Cash Flow Cash flow is consistently negative from operations, reflecting ongoing research, clinical development, and corporate costs without offsetting income. Free cash flow is also negative and has hovered in a relatively narrow band, which suggests spending is being managed but not yet scaled down to a “minimal burn” profile. Capital spending is very light, so most cash use is tied to people, trials, and platform development rather than heavy equipment. The overall picture is one of steady cash burn that must be replenished periodically through financing or collaboration payments; there is no internal cash engine yet.


Competitive Edge

Competitive Edge NextCure operates in a very crowded and fast‑moving part of biotech—immuno‑oncology and antibody‑drug conjugates—but it does have some differentiators.
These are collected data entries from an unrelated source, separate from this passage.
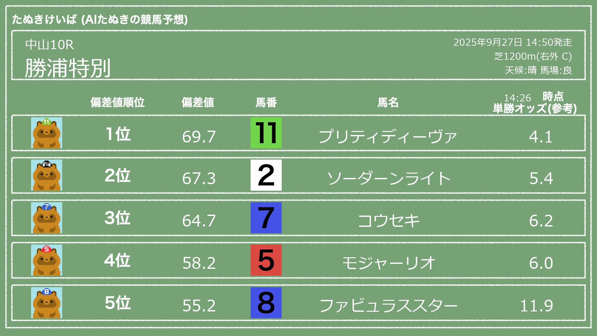 うちのたぬき(AI)による競馬予想です。レースごとに各馬の能力を偏差値で表現してみました。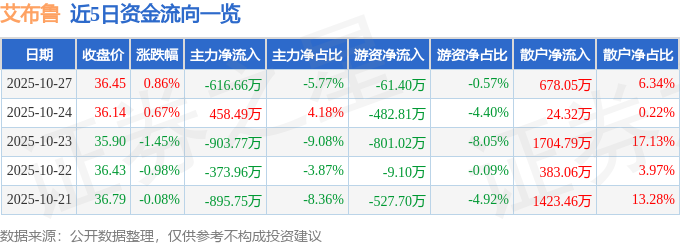证券之星消息,截至2025年10月27日收盘,艾布鲁(301259)报收于36.45元,上涨0.86%,换手率2.98%,成交量2.95万手,成交额1.07亿元。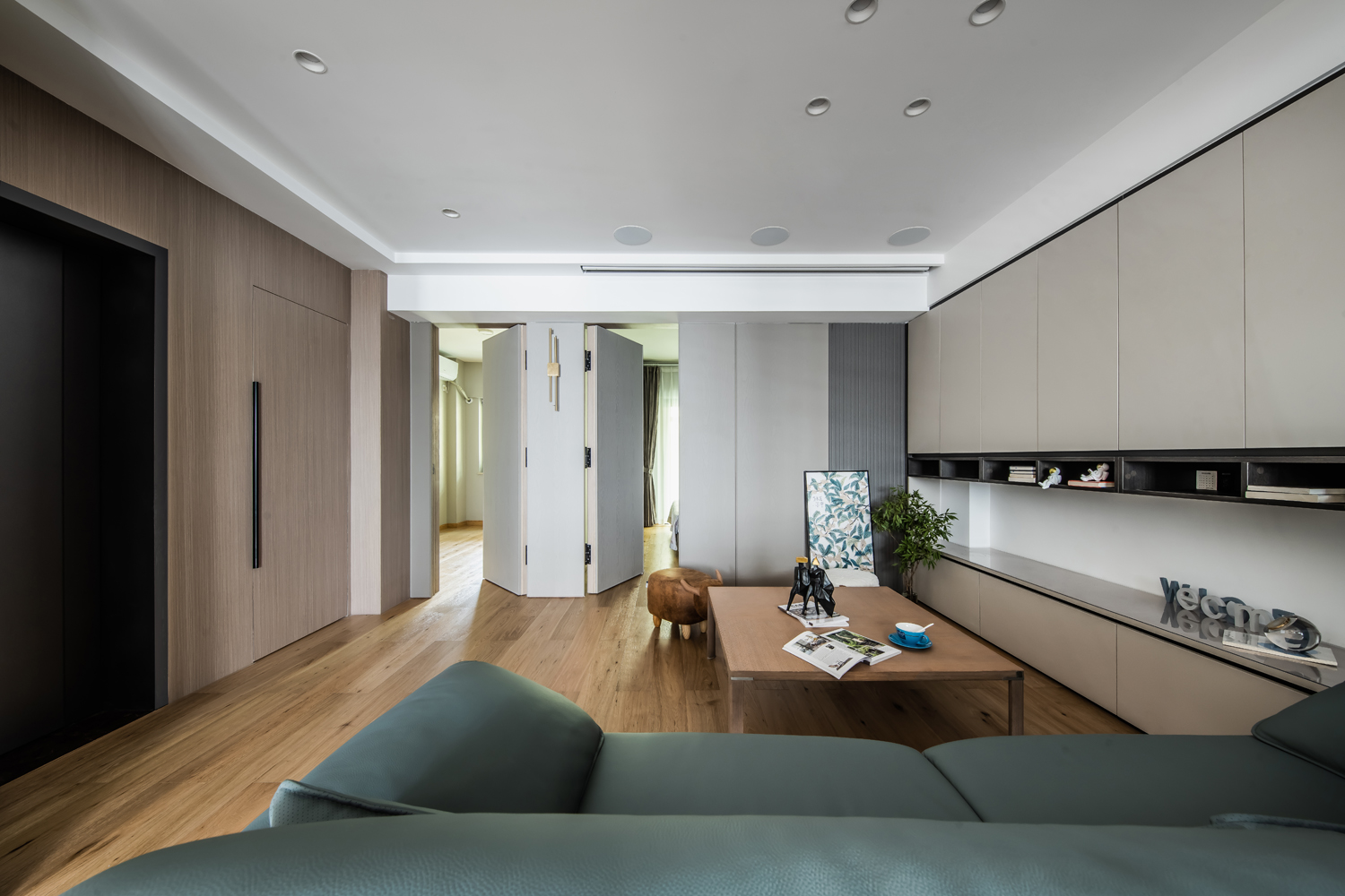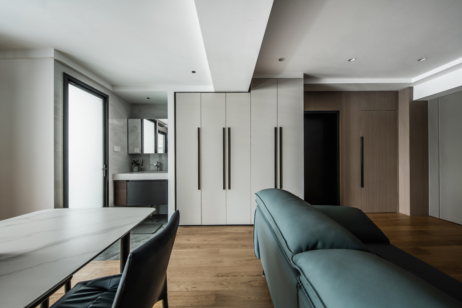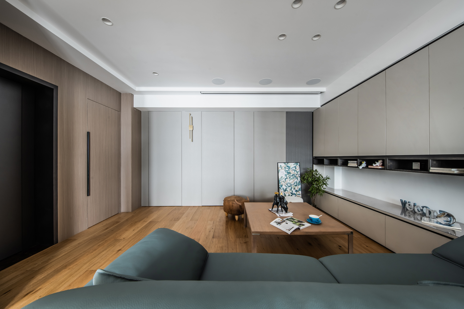 以干脆利落的视觉与大面积收纳让居住者用「生活」去填满 不同元素和纹理的家具在此处碰撞 诠释出静谧与清新的自然气息设计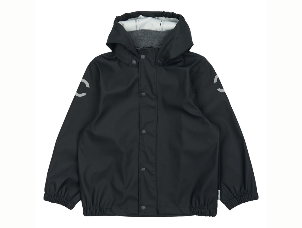 Jakken har lynlås med trykknapper foran, hagebeskytter og vindfang. Den aftagelige hætte sidder med trykknapper, og fleecekant ved halsen gør den ekstra behagelig at have på.
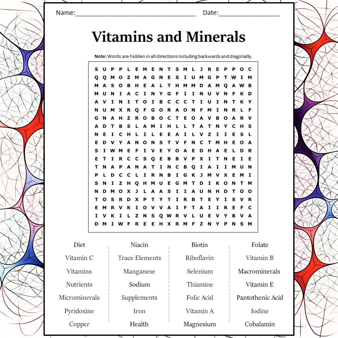 A fun and engaging word search puzzle that delves into the captivating world of Vitamins And Minerals.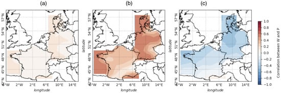 At the hourly timescale (panel (c)), the correlation between prices and production is low but positive (<0.2). At the monthly timescale (panel (d)), wind energy production is significantly positively correlated with prices in all three countries under study. This is due to matching seasonal cycles of wind energy production and prices. Indeed, prices are high during cold seasons when demand increases. At the same time, wind production in Western Europe is also expected to be high during the cold season due to the enhanced activity of the storm track. In the long term (panel (e)), the correlation between wind energy production and prices becomes negative, especially in Denmark and the north of Germany. This may be related to the merit-order effect: a rise in wind production at the national level tends to push the wholesale electricity price down (see [,] for instance). It may also indicate a negative correlation between temperature (whose increase tends to push the demand and thus the prices down) and wind energy production. This correlation can also be related to the large scale weather regimes, such as the North Atlantic Oscillation (NAO) which, in the positive phase, enhances the storm track activity, increasing the wind production in Western Europe, and, at the same time, contributes to increasing the temperature and, therefore, decreasing energy demand and prices, by bringing warmer wet air in this region. In the negative phase, this phenomenon is reversed. The NAO displays long term cycles of the order of 3 to 7 years. Many studies have demonstrated a correlation of the NAO (and other weather regimes) with wind speed and production and electricity demand (see for instance [,]).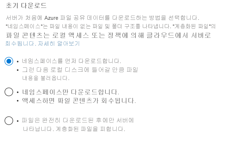 | 설명 | 먼저 전체 네임스페이스를 다운로드합니다. 파일 콘텐츠는 열 지도를 기준으로 백그라운드 활동으로서 클라우드에서 서버로 회수되며, 최근 액세스한 데이터를 더 빨리 회수합니다. 서버 볼륨의 여유 공간이 10% 미만인 경우 나머지 파일은 계층화된 파일로 남아 있습니다. | 네임스페이스(파일 및 폴더 구조)만 다운로드됩니다. 서버로 파일 콘텐츠가 가져오지 않습니다. | 서버의 폴더에 파일이 표시되기 전에 각 파일을 전체적으로 다운로드합니다. 이 옵션은 계층화된 파일이 서버에 존재하는 것을 방지합니다. 네임스페이스 항목과 파일 콘텐츠는 항상 동시에 표시됩니다. |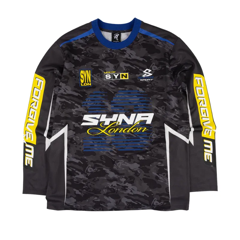 Distinctive silicone prints on the front and arms offer a tactile feel, while sublimated and intertwined logos add depth to the design. Finished with an embroidered SYNA neck logo and the iconic Race Number 13, this jersey is available in Black and White, perfect for a bold and functional look.
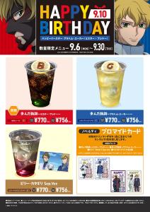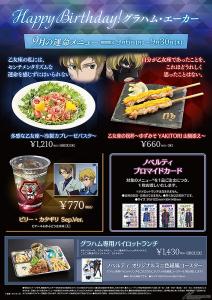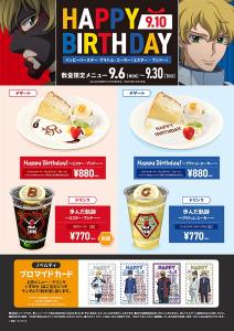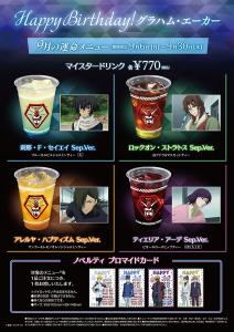 เมนูจำนวนจำกัด (ของหวานและเครื่องดื่ม) เฉลิมฉลอง วันที่ 10 กันยายน วันเกิดของ Graham Aker (Mr. Bushido) จาก Mobile Suit Gundam 00 จะวางจำหน่าย ผ่านช่วงกิจกรรม จะมีเมนูไอเท็มพิเศษที่ทำเป็นลวดลายที่โด่งดัง Graham และ Bushido รวมถึงเครื่องดื่มจาก 5 ตัวละคร ที่เกี่ยวข้องกับเขา เช่น Billy Katagiri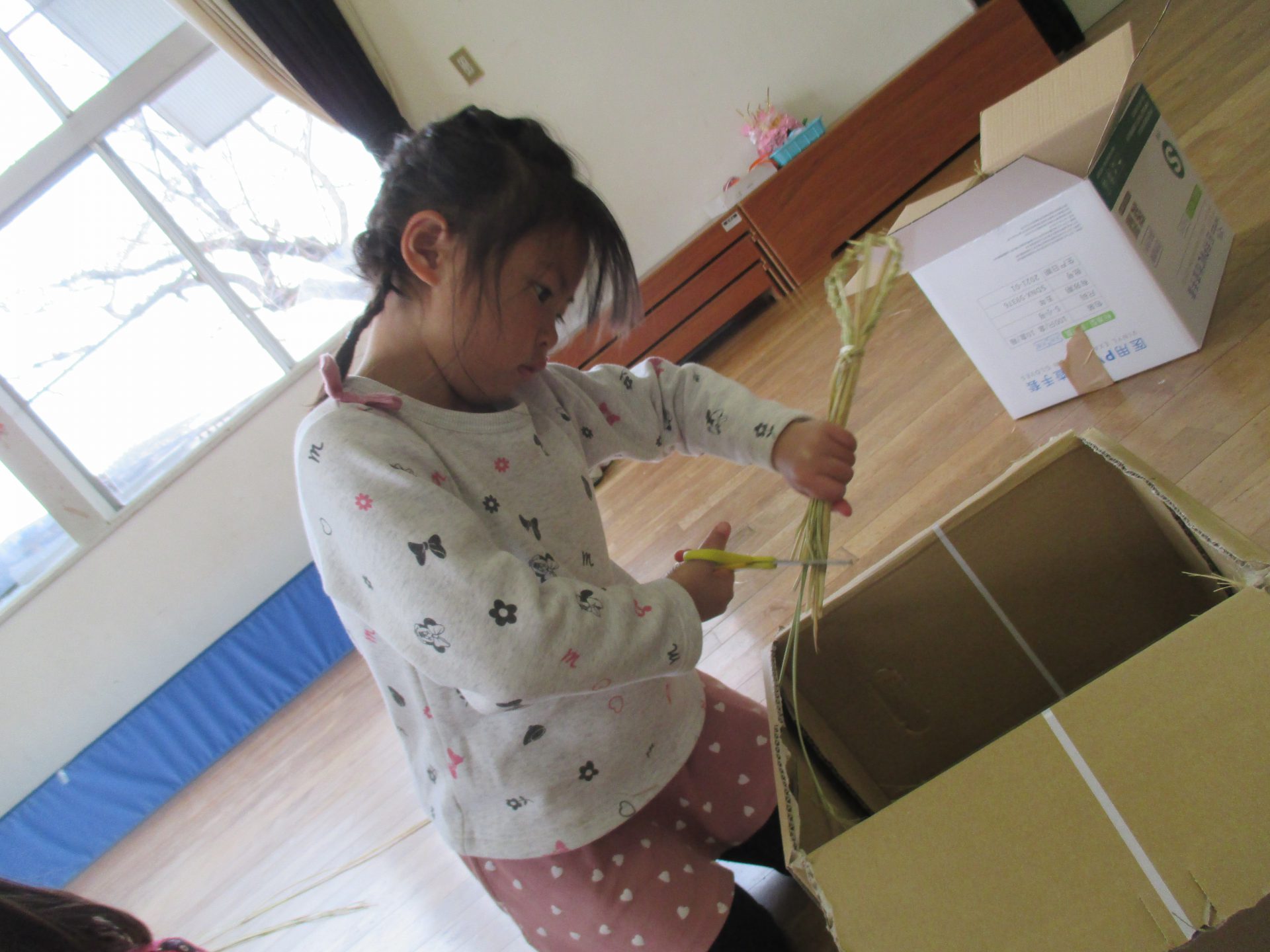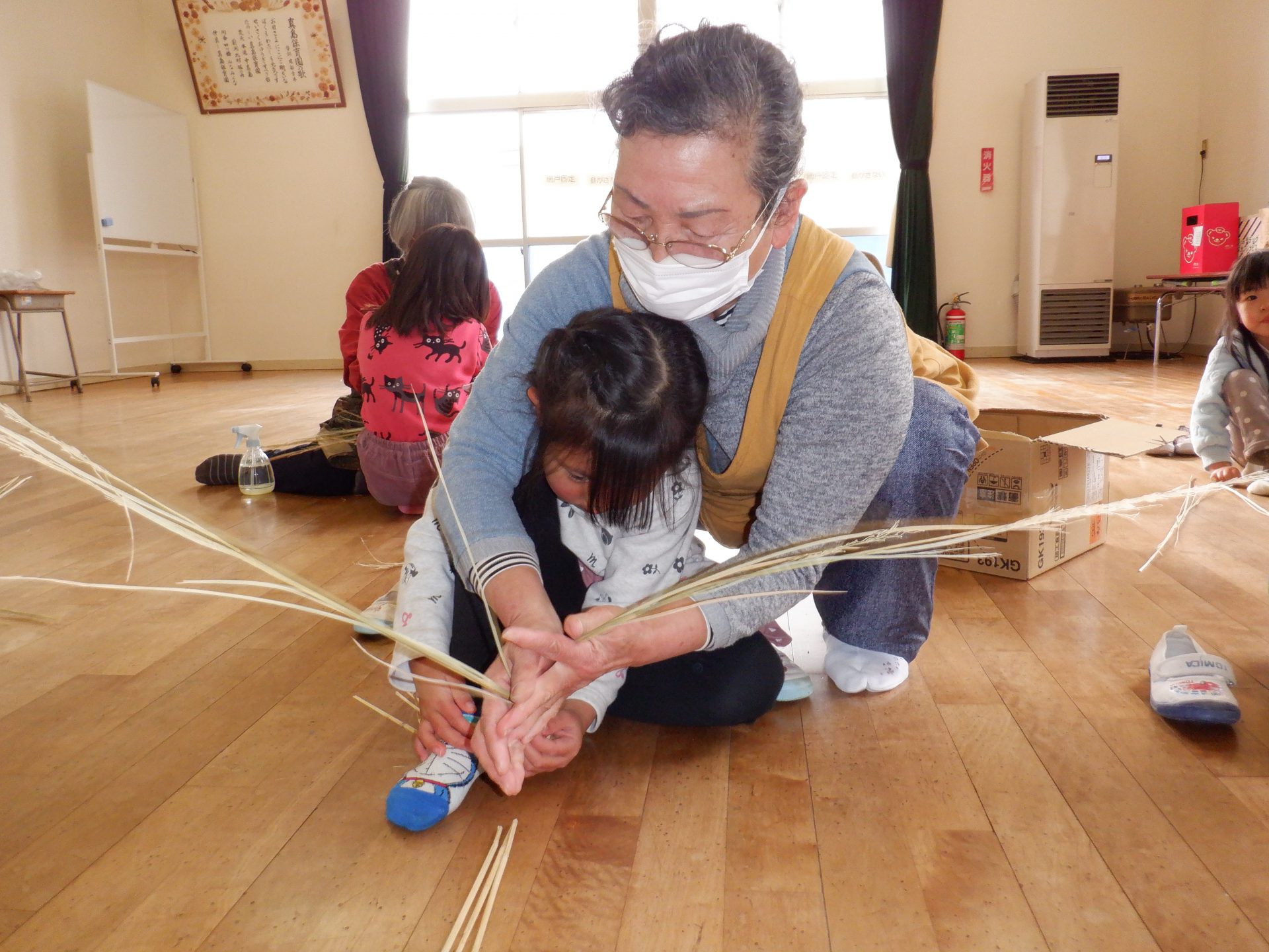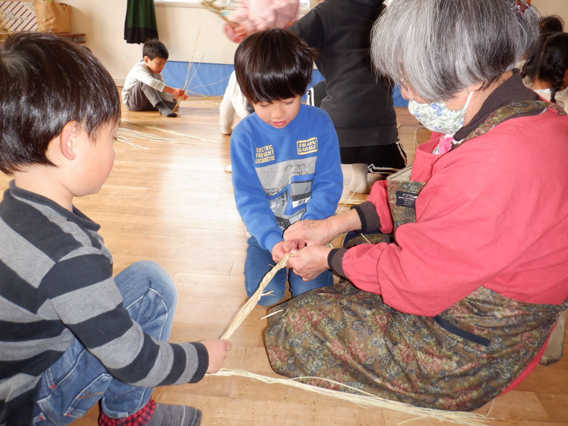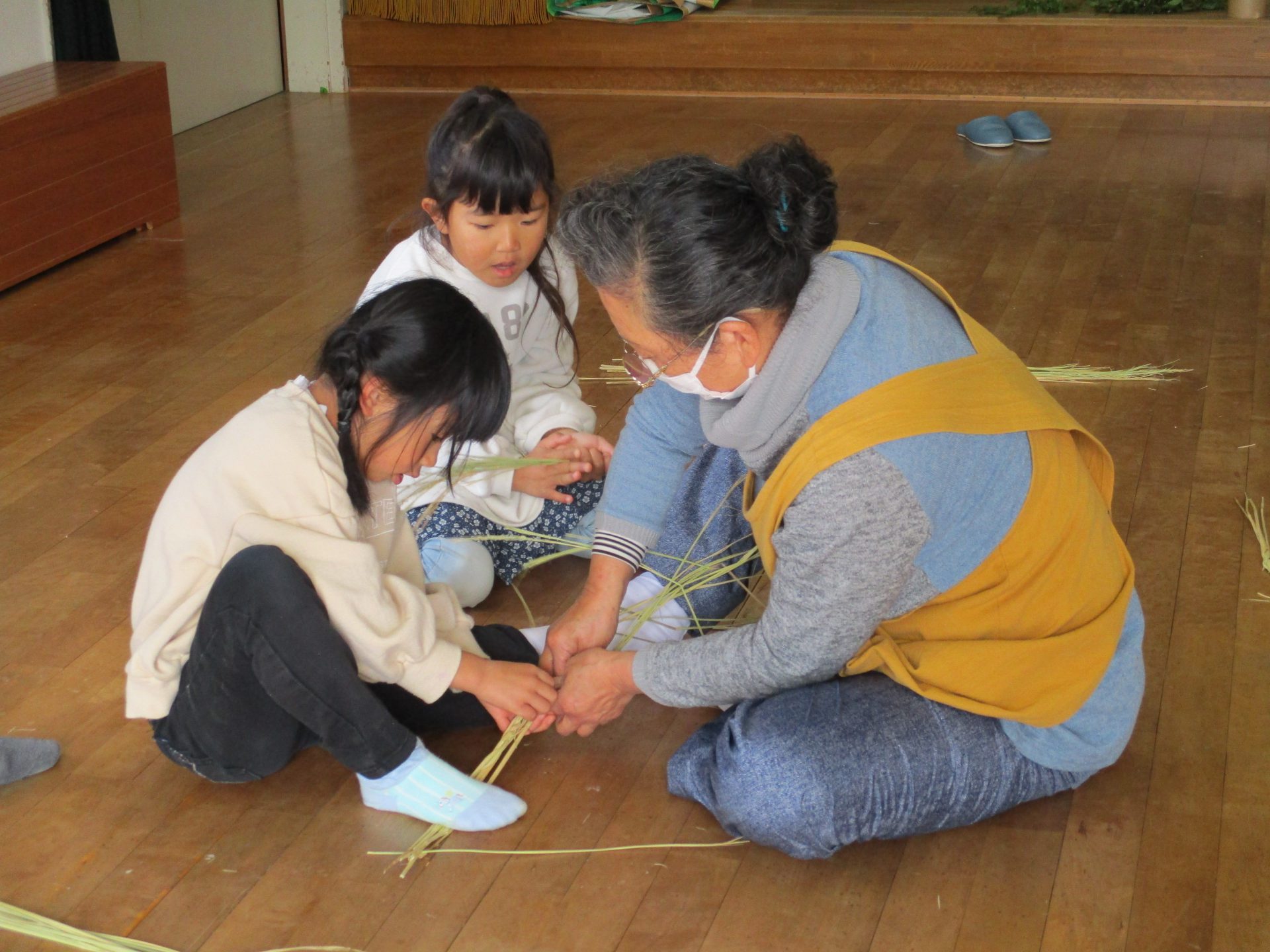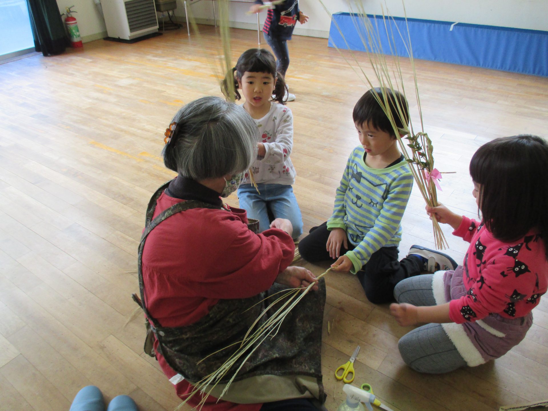 しめ縄用のまっすぐできれいなわらを持ってきて、子ども達や私たち職員に丁寧に作り方を教えてくださいます。

Its FIND‑IO discovery platform is designed to uncover new immune targets that others may miss, which can translate into first‑in‑class drug opportunities. The company’s focus on less crowded targets like B7‑H4 and CDH6 via ADCs, plus collagen‑modulating and LAIR‑1–targeting drugs, gives it a distinct scientific angle. A growing patent estate and the involvement of respected scientists strengthen its position. On the other hand, it is a small player competing against much larger firms with deeper pockets, and success will depend heavily on turning these scientific advantages into clear clinical benefits and securing strong partners before competitors dominate the same target areas.


Innovation and R&D

Innovation and R&D Innovation is clearly the core of NextCure’s identity. The FIND‑IO platform uses functional screening to identify immune regulators that genuinely change cell behavior, not just markers that sit on the cell surface, which may improve the odds of finding impactful drug targets. The current pipeline shows this output: two priority ADCs co‑developed with specialized partners, plus several novel immunotherapies and non‑oncology candidates for bone disease and Alzheimer’s. The company appears willing to pivot—shifting emphasis toward ADCs and seeking partners for other programs—suggesting a pragmatic approach to capital allocation. The key risk is execution: translating promising early science into successful late‑stage trials is difficult and costly, and the breadth of the pipeline may strain resources unless partnership support materializes.


Summary

NextCure is an early‑stage, high‑innovation biotech with no recurring revenue yet, steady operating losses, and a balance sheet that has been gradually drawn down to fund R&D. Its cash use is controlled but persistent, making outside funding and partnerships critical to its future. On the strategic side, the company’s FIND‑IO platform, focus on novel immune targets, and pivot toward ADCs give it a differentiated scientific story and multiple shots on goal across oncology and select non‑oncology indications. At the same time, it faces the usual development‑stage biotech challenges: clinical risk, heavy competition from larger players, and the need for timely deals or capital raises to sustain its programs. The next few years will likely be defined by early data from its lead ADCs, success (or not) in securing partners for other assets, and how effectively it manages its limited financial resources while pushing the most promising candidates forward.